The two possible kinds of point mutations are:
- ‘Transitions’ are purine-to-purine or pyrimidine-to-pyrimidine changes:
A → G, G → A, C → T or T → C. - ‘Transversions’ are purine-to-pyrimidine or pyrimidine-to-purine changes:
A → C, A → T, G → C, G → T, C → A, C → G, T → A or T → G.
Point mutations arise by the pairing of bases with inappropriate partners, by the introduction of base analogues into DNA or by chemical mutagens. Bases may rarely mispair, either because of their tautomeric properties or because of other influences such as purines flipping from anti- to synconformations or H2O molecules serving as bridging H-bond donor/acceptors between two mispaired pyrimidines.
Based on the phenotypic expression, mutations may be classified as:
- Forward mutations: They result in the change in the phenotype of the organism from wild type to mutant type.
- Reverse mutations: They result in the change in the phenotype of the organism from mutant type to wild type. These mutations are also known as ‘reversions’ or ‘back mutations’.
Examples: AAA → GAA → AAA (which is lys → glu → lys)
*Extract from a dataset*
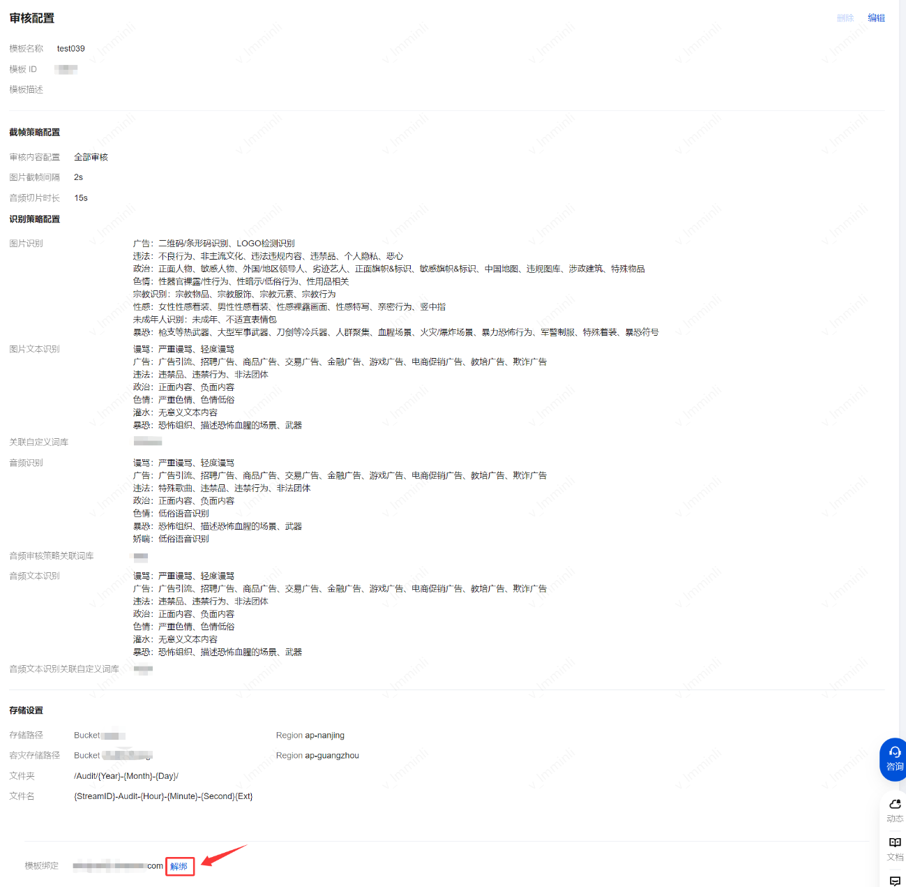 2. 选择已关联域名的直播审核模板,单击解绑。

UCC → UGC → AGC (which is ser → cys → ser)
Suppressor mutation
Mutations that occur at one site that completely or partially reverses the effect of the mutation at a different site are called suppressor mutations. These mutations are of two types:
- Intragenic suppressor mutations: These mutations occur on the same gene as the original mutation but at a different site.
- Intergenic suppressor mutations: These mutations occur in a completely different locus.
Induced mutations
An organism may be exposed to a variety of physical, chemical and biological agents that are capable of damaging its DNA. Each of these agents is capable of causing specific damages to the DNA and the resulting mutations are called induced mutation.